Problem 6: Decode Ways

Problem: A message containing letters A-Z is encoded as numbers (A=1, B=2, ..., Z=26). Given a string of digits, determine how many ways it can be decoded.

State: dp[i] = number of ways to decode the first i characters.

Recurrence: If s[i-1] is valid (1-9), dp[i] += dp[i-1]. If s[i-2:i] is valid (10-26), dp[i] += dp[i-2].

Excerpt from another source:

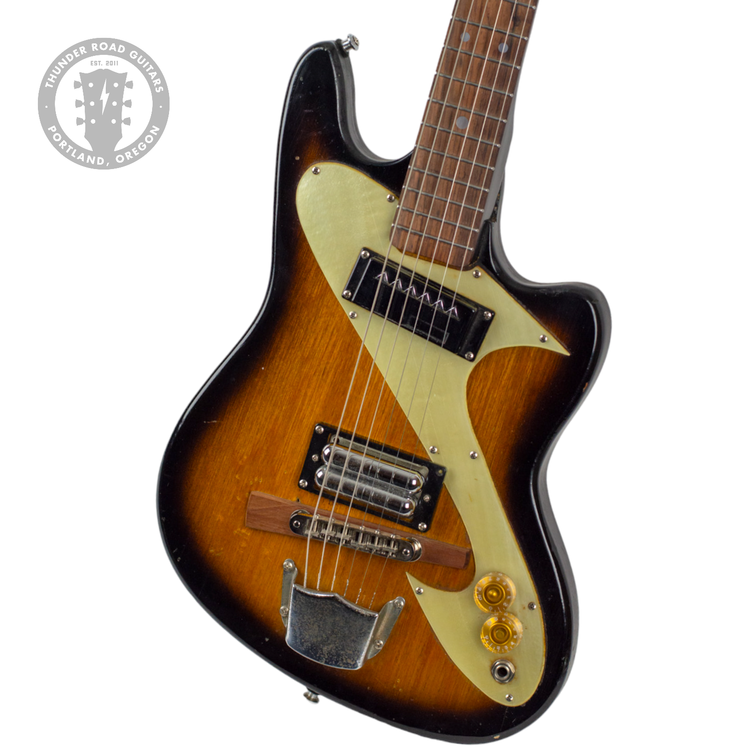 Freshly set up in-house by our esteemed Guitar Tech, this custom assemblage MIJ vintage electric guitar is dialed in and ready to go. Created by our friend and master luthier, Nate Wood, on a framework of MIJ parts. Lots of nicks, dents, scratches, tarnish, and other signs of being played. This guitar has so much mojo you'll never run out. If you're a fan of '60s and '70s MIJ guitars and don't give a hoot whether they're "all-original" but just want to enjoy the vibe on a nice playing and cool sounding guitar, this one could be for you.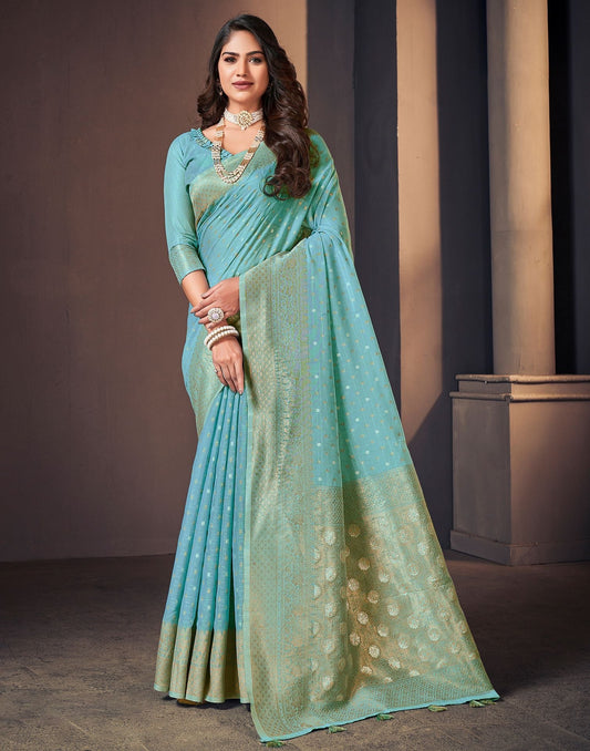 Light Blue Cotton Self Woven Saree

# Brute force: O(2^n) time
def decode_brute(s, idx=0):
    if idx == len(s):
        return 1
    if s[idx] == '0':
        return 0
    # Take one digit
    ways = decode_brute(s, idx + 1)
    # Take two digits if valid (10-26)
    if idx + 1 < len(s) and int(s[idx:idx+2]) <= 26:
        ways += decode_brute(s, idx + 2)
    return ways

# Memoization: O(n) time, O(n) space
def decode_memo(s):
    memo = {}
    def dp(idx):
        if idx == len(s):
            return 1
        if s[idx] == '0':
            return 0
        if idx in memo:
            return memo[idx]
        ways = dp(idx + 1)
        if idx + 1 < len(s) and int(s[idx:idx+2]) <= 26:
            ways += dp(idx + 2)
        memo[idx] = ways
        return ways
    return dp(0)

# Tabulation: O(n) time, O(1) space
def decode_tab(s):
    if not s or s[0] == '0':
        return 0
    n = len(s)
    prev2 = 1  # dp[i-2]: empty string
    prev1 = 1  # dp[i-1]: first character
    for i in range(2, n + 1):
        curr = 0
        # Single digit: s[i-1]
        if s[i-1] != '0':
            curr += prev1
        # Two digits: s[i-2:i]
        two_digit = int(s[i-2:i])
        if 10 <= two_digit <= 26:
            curr += prev2
        prev2 = prev1
        prev1 = curr
    return prev1

# Test: decode_tab("226") = 3 ("BZ", "VF", "BBF")
# Test: decode_tab("06") = 0 (leading zero is invalid)

Complexity Summary

Problem	Brute Force	DP Time	DP Space	Optimized Space
Climbing Stairs	O(2^n)	O(n)	O(n)	O(1)
House Robber	O(2^n)	O(n)	O(n)	O(1)
Coin Change	O(S^n)	O(amount × coins)	O(amount)	O(amount)
LIS	O(2^n)	O(n^2)	O(n)	O(n log n)
Maximum Subarray	O(n^2)	O(n)	O(n)	O(1)
Decode Ways	O(2^n)	O(n)	O(n)	O(1)

Key Takeaways

All six problems use a single variable as the DP state, making them the simplest DP category.
The include/exclude pattern (house robber, decode ways) appears in many DP variants: at each step, decide whether to include the current element.
Space optimization from O(n) to O(1) is possible when dp[i] only depends on dp[i-1] and dp[i-2].
LIS is special: the O(n^2) DP solution can be improved to O(n log n) using binary search on a patience-sorting array.
Kadane's algorithm is DP in disguise — it maintains the maximum subarray sum ending at each position.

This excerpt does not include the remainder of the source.